▶ Work to be completed: The copy must hold exactly the lines from the one with "The same material" through the end of the listing below, and nothing else, with no pictures.

▬▬▬▬▬▬

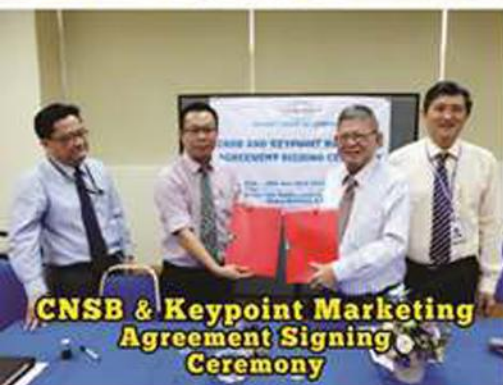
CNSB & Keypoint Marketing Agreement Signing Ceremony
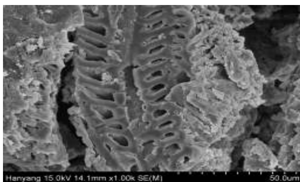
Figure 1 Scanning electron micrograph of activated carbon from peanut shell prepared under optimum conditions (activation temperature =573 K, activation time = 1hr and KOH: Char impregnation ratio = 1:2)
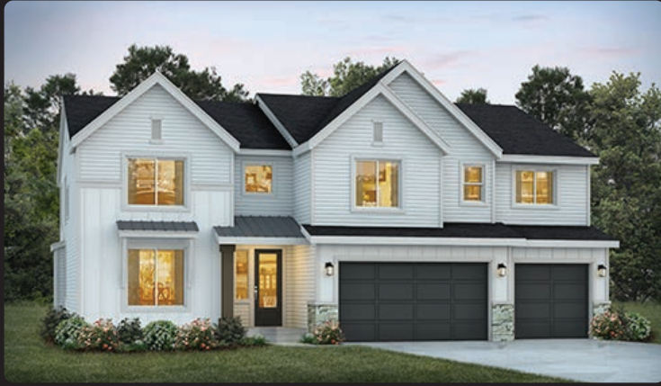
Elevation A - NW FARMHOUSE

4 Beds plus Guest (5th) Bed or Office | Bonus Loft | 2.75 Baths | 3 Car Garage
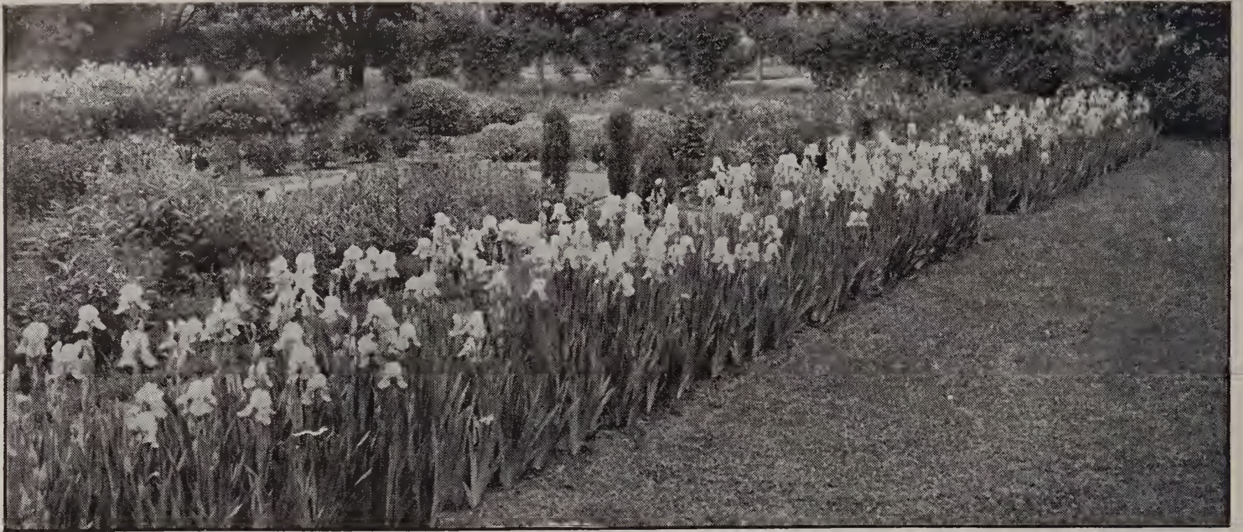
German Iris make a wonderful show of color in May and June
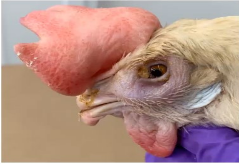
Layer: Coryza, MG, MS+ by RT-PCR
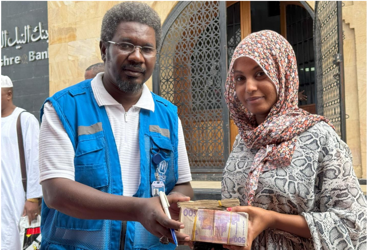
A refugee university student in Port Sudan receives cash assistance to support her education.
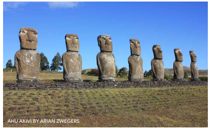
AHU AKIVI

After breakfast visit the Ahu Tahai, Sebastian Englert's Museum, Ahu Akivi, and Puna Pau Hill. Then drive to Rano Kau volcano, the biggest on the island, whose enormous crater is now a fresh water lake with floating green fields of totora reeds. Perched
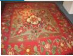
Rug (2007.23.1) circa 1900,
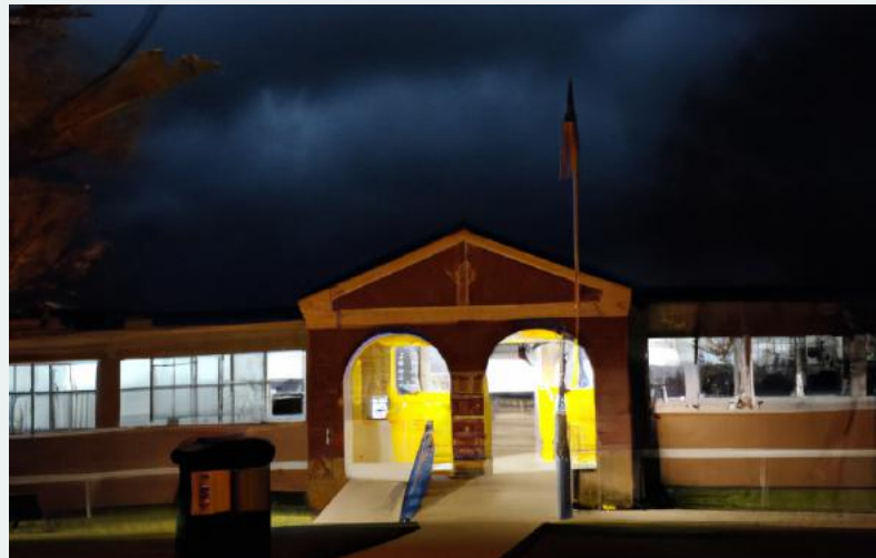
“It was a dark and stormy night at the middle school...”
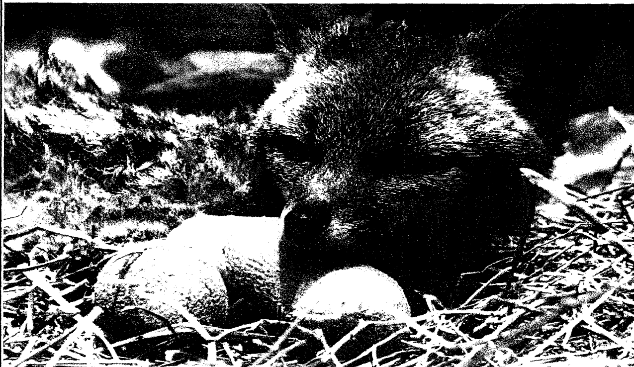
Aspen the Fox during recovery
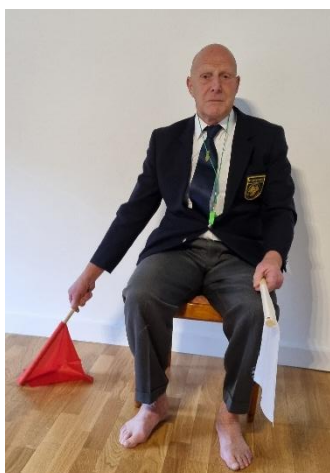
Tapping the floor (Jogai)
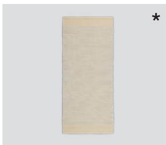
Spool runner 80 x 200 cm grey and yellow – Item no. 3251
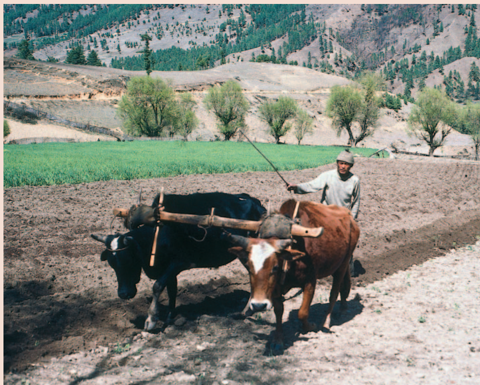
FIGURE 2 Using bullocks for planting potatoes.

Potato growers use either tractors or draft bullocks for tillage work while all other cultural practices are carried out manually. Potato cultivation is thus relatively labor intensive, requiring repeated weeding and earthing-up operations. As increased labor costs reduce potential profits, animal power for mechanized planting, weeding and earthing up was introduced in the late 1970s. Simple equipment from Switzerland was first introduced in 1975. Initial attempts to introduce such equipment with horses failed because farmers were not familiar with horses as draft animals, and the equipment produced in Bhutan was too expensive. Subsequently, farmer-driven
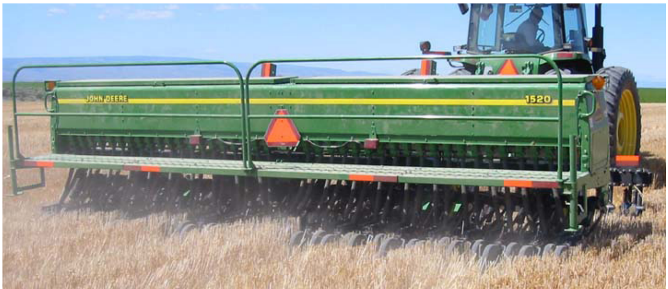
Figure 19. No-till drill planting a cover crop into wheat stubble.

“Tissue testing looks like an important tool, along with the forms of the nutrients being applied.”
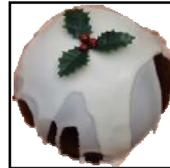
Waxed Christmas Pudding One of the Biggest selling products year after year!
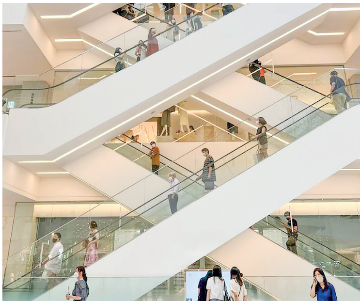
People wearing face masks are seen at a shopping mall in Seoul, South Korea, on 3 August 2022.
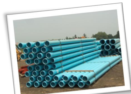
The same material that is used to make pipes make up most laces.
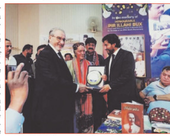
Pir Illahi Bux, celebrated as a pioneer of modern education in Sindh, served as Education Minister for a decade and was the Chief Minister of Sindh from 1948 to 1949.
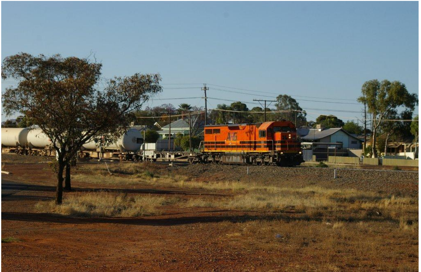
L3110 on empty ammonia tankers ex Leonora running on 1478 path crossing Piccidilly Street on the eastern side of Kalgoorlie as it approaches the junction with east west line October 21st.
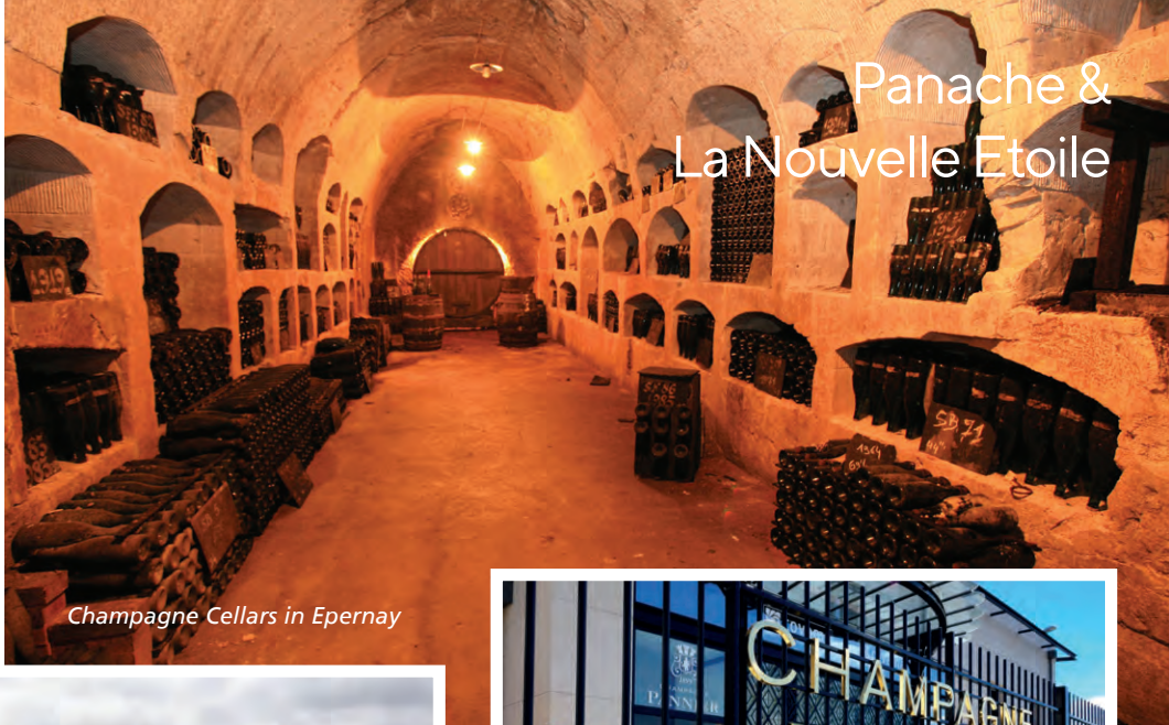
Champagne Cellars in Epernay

▬▬▬▬▬▬

▶ Your solution:
The same material that is used to make pipes make up most laces.
Pir Illahi Bux, celebrated as a pioneer of modern education in Sindh, served as Education Minister for a decade and was the Chief Minister of Sindh from 1948 to 1949.
L3110 on empty ammonia tankers ex Leonora running on 1478 path crossing Piccidilly Street on the eastern side of Kalgoorlie as it approaches the junction with east west line October 21st.
Champagne Cellars in Epernay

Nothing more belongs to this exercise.